LISTED ENTRIES:
━━━━━━

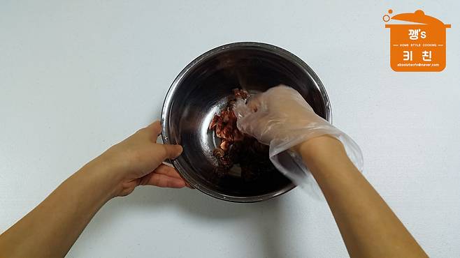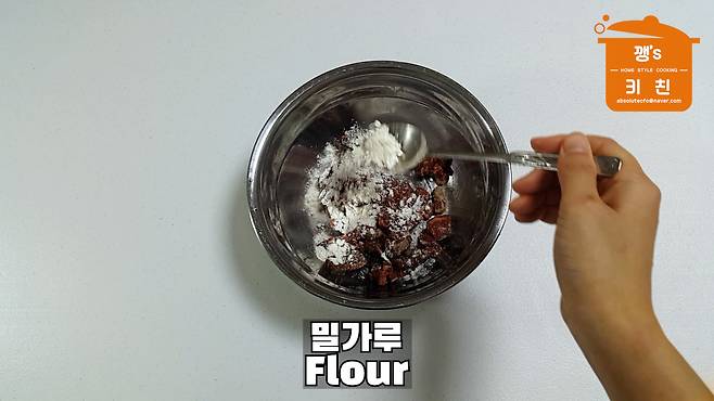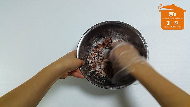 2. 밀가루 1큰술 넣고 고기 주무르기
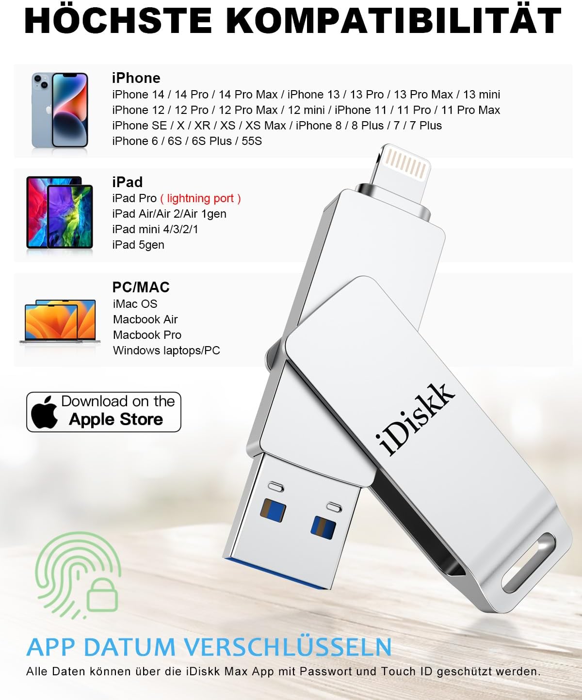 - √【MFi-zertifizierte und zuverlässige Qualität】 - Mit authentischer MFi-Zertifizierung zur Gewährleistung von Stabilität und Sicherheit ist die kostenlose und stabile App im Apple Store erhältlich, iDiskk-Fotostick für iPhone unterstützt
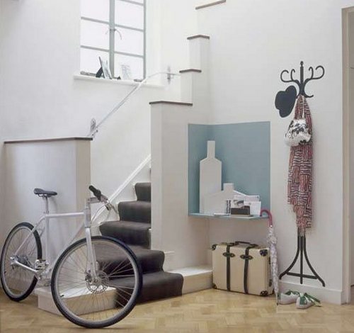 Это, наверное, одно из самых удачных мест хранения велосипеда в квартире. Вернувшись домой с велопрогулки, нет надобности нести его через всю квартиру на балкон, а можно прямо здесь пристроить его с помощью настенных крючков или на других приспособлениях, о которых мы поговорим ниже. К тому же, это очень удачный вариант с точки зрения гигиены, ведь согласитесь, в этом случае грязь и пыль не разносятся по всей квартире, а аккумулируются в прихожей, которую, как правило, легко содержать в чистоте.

━━━━━━

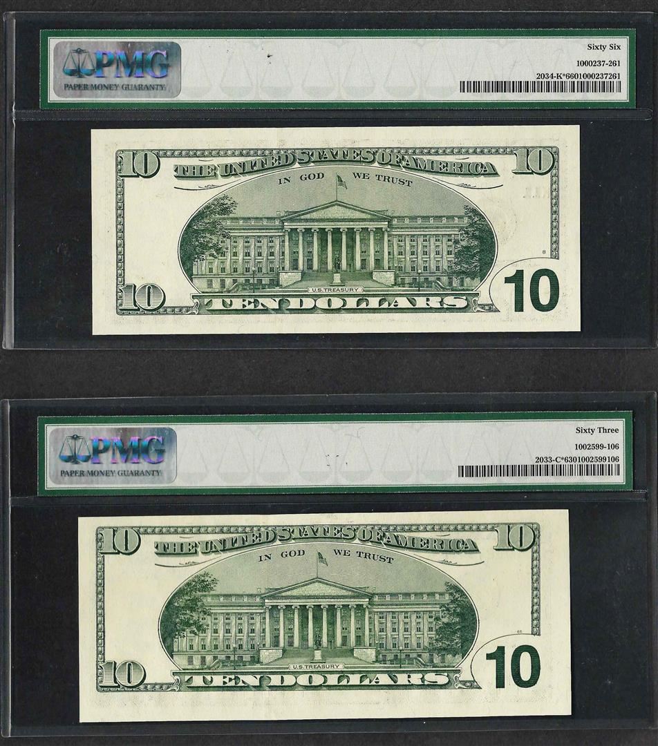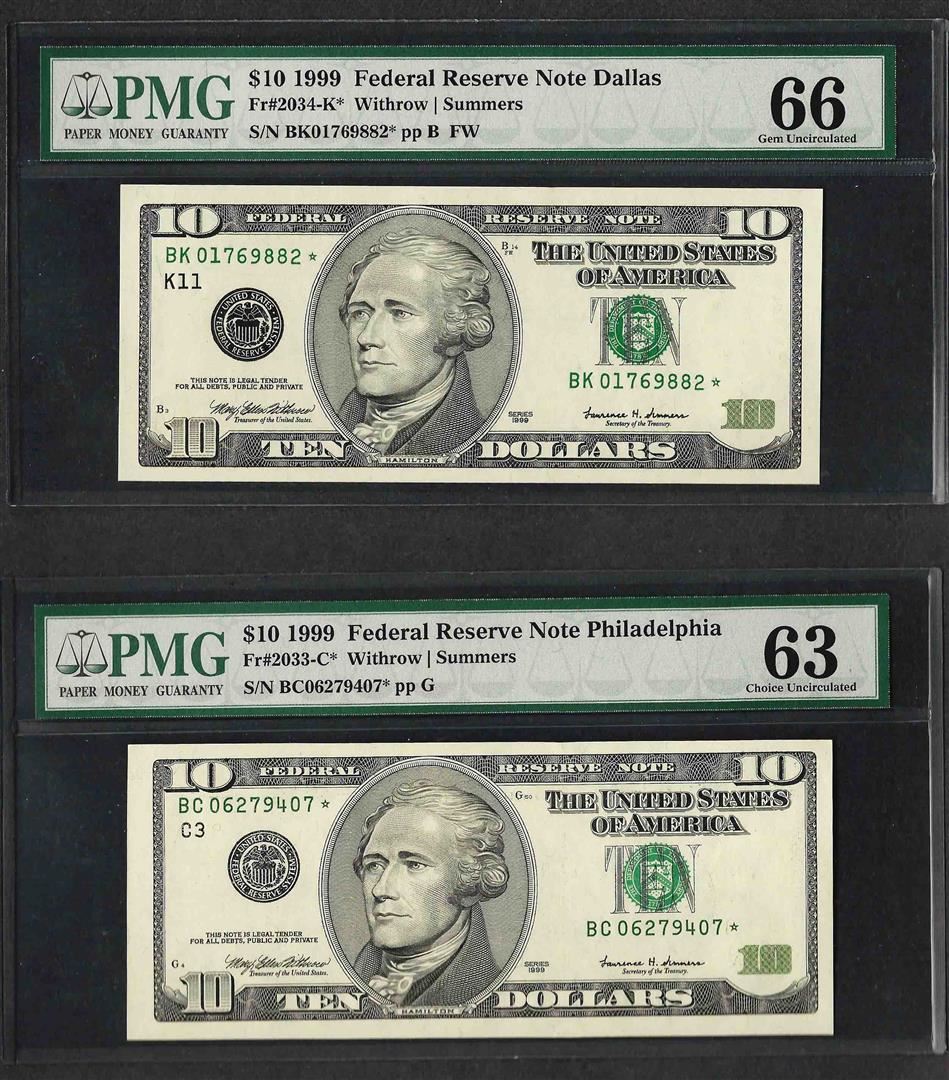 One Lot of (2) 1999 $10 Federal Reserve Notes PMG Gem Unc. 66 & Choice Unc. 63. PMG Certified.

━━━━━━

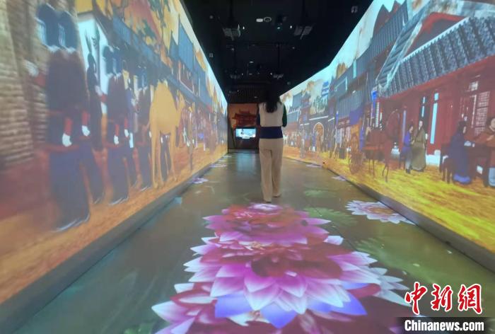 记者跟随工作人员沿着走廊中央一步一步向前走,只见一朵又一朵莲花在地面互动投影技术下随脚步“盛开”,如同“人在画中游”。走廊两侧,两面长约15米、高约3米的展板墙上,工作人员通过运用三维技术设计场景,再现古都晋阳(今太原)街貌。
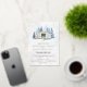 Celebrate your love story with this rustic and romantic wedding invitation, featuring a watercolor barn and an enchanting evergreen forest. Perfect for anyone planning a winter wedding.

━━━━━━

WHAT TO DO:
Once the line with "记者跟随工作人员沿着走廊中央" is found above, transcribe each line from it through the line with "Celebrate your love", exactly, and omit the pictures.

ANSWER SPACE:
 记者跟随工作人员沿着走廊中央一步一步向前走,只见一朵又一朵莲花在地面互动投影技术下随脚步“盛开”,如同“人在画中游”。走廊两侧,两面长约15米、高约3米的展板墙上,工作人员通过运用三维技术设计场景,再现古都晋阳(今太原)街貌。
 Celebrate your love story with this rustic and romantic wedding invitation, featuring a watercolor barn and an enchanting evergreen forest. Perfect for anyone planning a winter wedding.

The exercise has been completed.